Reporter's incredible response to man who criticised outfit

A news anchor has struck back in her own clever way after a male viewer offered unsolicited fashion advice.

In the process, the news anchor inadvertently sparked a conversation of the pressure that women face to be physically attractive, even in the workplace.

Maggie Vespa, a reporter for KGW-TV in Portland, in the US state of Oregon, has worked as a broadcast journalist for nine years and currently serves as the station's weekend anchor.

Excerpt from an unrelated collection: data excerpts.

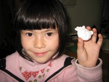 We were too early to check in, so we went into the village and noted a Visitors’ Center and not much more. We drove the 20 minutes to Chitose and had breaky at that Scottish restaurant, McDonald’s. Hokkaido was waking up, so it was time for us to check in. The kind people at the front desk informed us of an impending typhoon. Sure enough, it started raining, so within the hour we had extended our stay to 3 nights. Fortunately you loved the Visitors’ Center and all its touchy feely exhibits. I’m not sure we even had an umbrella, so no doubt we got drowned running to and from the car. After lunch, dad needed a nap, but you were keener on catching a bit of NHK’s kids’ programs. After an onsen, a grand meal and a kids’ craft program where you made a boomerang down in the lobby, our first day in Hokkaido drew to a close.
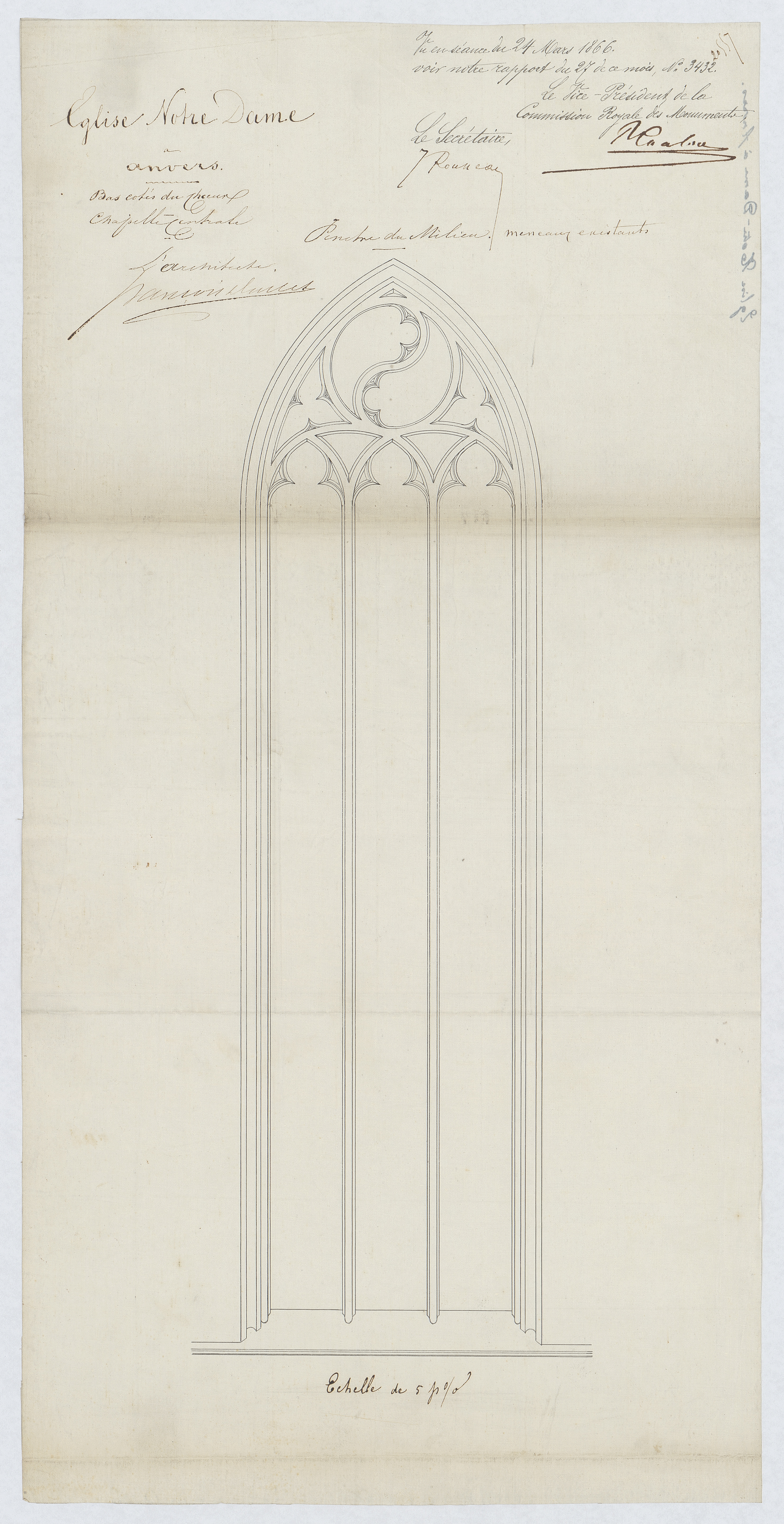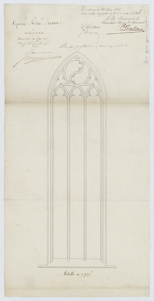 Opschrift: Eglise Notre dame à anvers. bas cotés du choeur . Chapelle centrale. Omschrijving plan: aanzicht venster Datum KCML: 24/03/1866 Archiefnummer: A0020
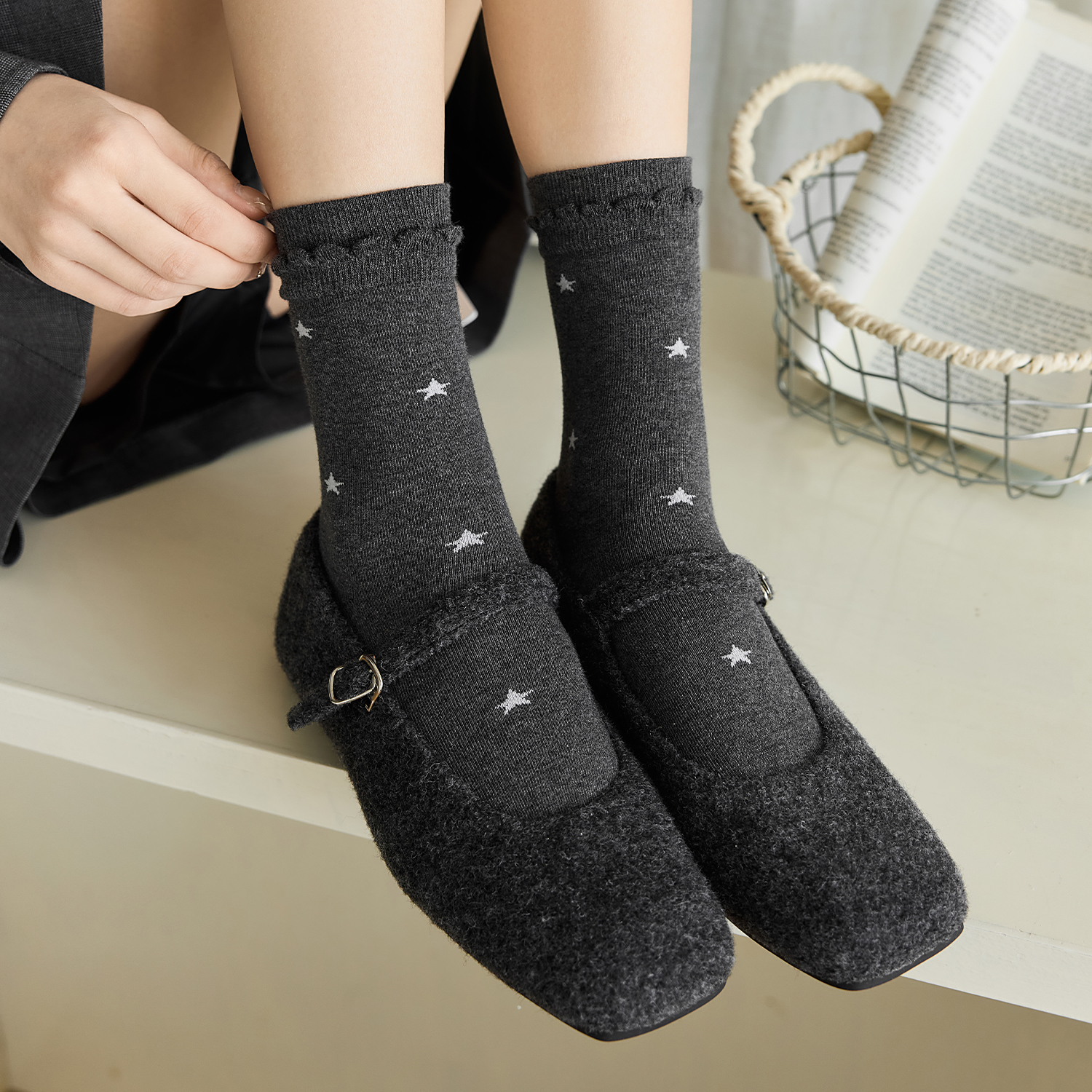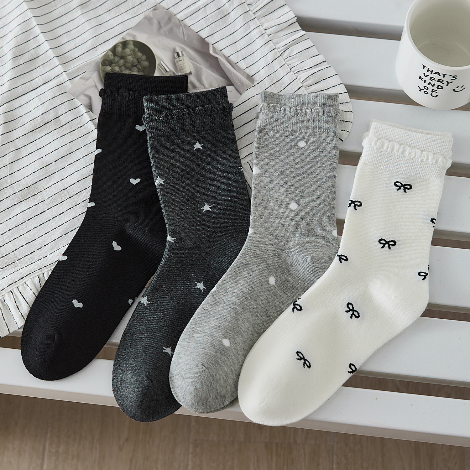 杭臻花边袜子女中筒袜春秋季 纯棉双罗口日系蝴蝶结百搭堆堆袜长袜
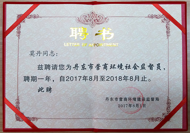 遼寧金海集團總經理莫丹被聘請為丹東市營商環(huán)境社會監(jiān)督員
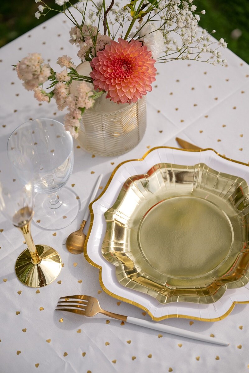 Creëer een stijlvolle tafelsetting met deze goudfolie borden die perfect zijn voor verjaardagen, doopfeesten, babyshowers, Nieuwjaar, bruiloften en andere feestelijke gelegenheden. De glanzende goudkleur geeft de tafelsetting een elegante uitstraling en maakt het gemakkelijk om de hele tafel met weinig moeite te verfraaien.
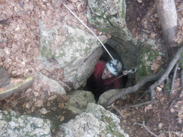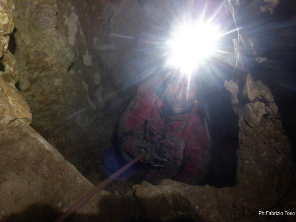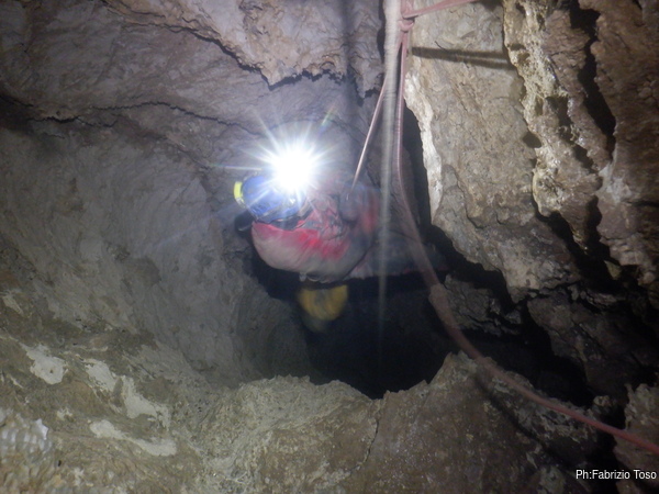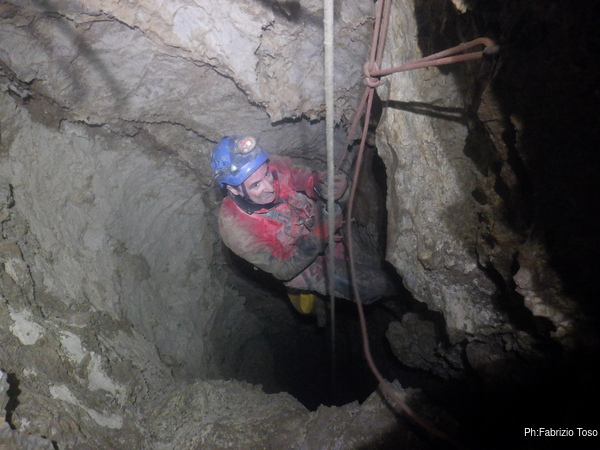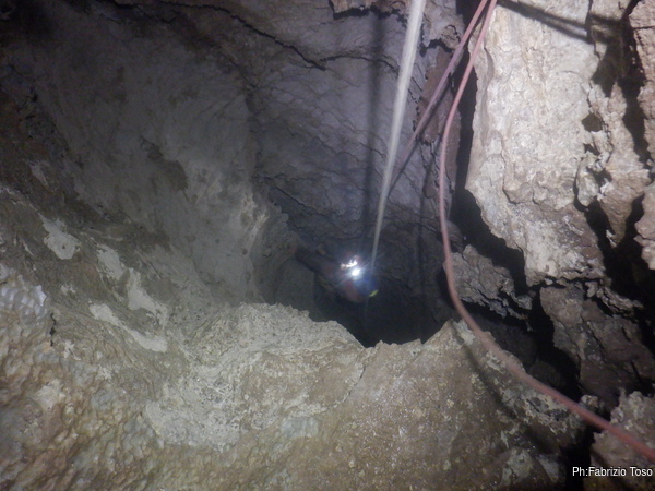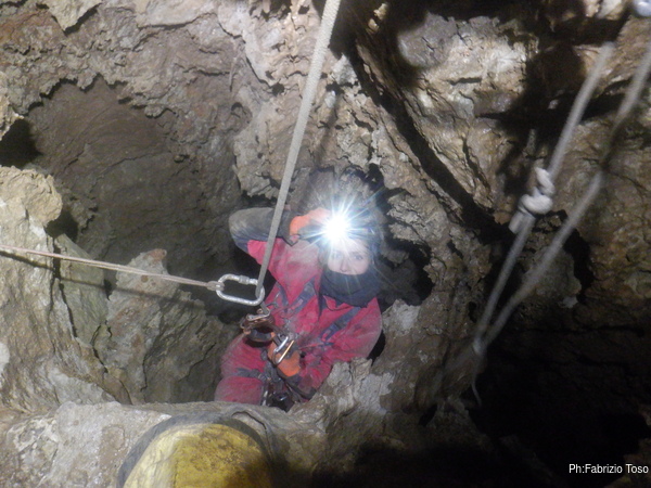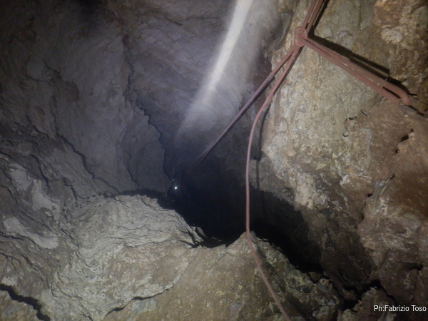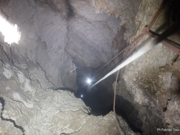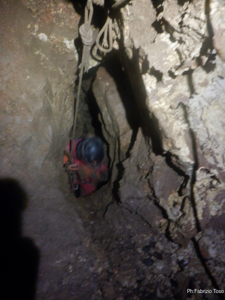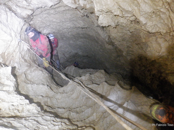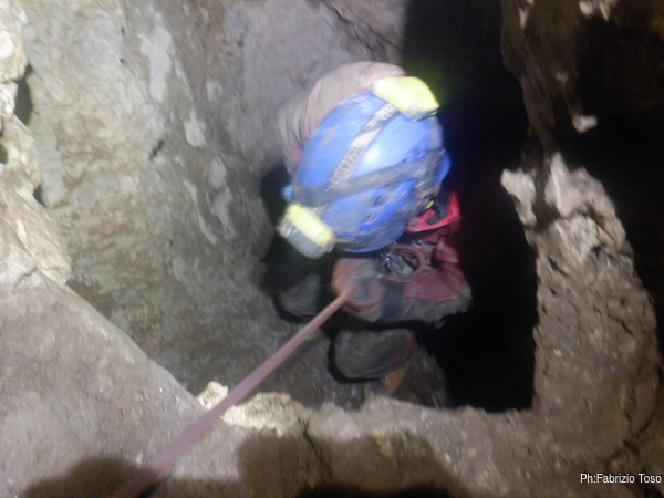 Pochi secondi per mettere la corda e siamo al primo pozzetto.

Despite her esteemed career, one man on social media decided to focus on her wardrobe decisions and told her that her high-waisted pants were "foolish”.

"Just wanted to let you know that the clothes you've been wearing, especially those crazy pants that ride half way up your torso, are not cool looking, in any way," a man, identified only as Jeffery, messaged Vespa on her professional Facebook account on Thursday.

"They look rediculous [sic] on you. Please change your wardrobe, you're [sic] way too pretty to look so foolish."

Then, while Vespa was live on air on September 6, Jeffery sent her a follow-up message: “OMG you really looked uncomfortably [sic] tonight. Try dressing like a normal woman.”

“Doesn’t KGW pay you enough for a wardrobe makeover?”

In response, Vespa wore five different high-waisted pants during separate newscasts throughout the following weekend, sparking a conversation regarding the policing of female bodies on Vespa's Facebook page.

On September 8, Vespa addressed the man’s comments on-air.

“This is dumb," Vespa said of Jeffery’s message.

"We know that. These are my pants. I like them. I bought them.

"The thing is, I posted about this on social media and it really hit a nerve with people. Hundreds are sounding off about the pressure that women obviously face, especially those in the public eye, to embody the epitome of physical attractiveness at all times.

"If we don't, it's somehow seen as a sign that we're less credible, or less capable, and by and large, guys don't have to deal with this, as my awesome male coworkers can and have attested to."

Commenters agreed with Vespa regarding this inequity.

“I’m am evening anchor who’s not a size 2 and have been criticised for my weight many times...” Erika Thomas, an evening anchor with 5NEWS, commented.

“Just last week, I got a lovely email telling me that a chiffon blouse and black slacks (when 99% of the time I wear dresses) were ‘unprofessional’ and I should dress differently if I wanted to be ‘taken seriously’.”

Another person wrote: “Thank you for posting this! The pressure that society puts on girls and women is ridiculous and harmful.”

Vespa's mother, who worked at as a news anchor in Peroria, Illinois, also sympathised with her plight.

“She talked about getting horrible, toxic comments from people and unbelievably sexist things that make [Jeffery’s comments] look pale in comparison,” she told the Washington Post.

Vespa said on-air anybody could dress and look how they wanted.

"And if anyone tries to make you feel less than because of that, that's their problem, not yours. In other words, there is no one way for a normal woman to look or be,” she said.

“Ten years ago I would have needed someone to remind me of that, now I'm very comfortable to let it roll off my back while I wear my high-waisted pants.”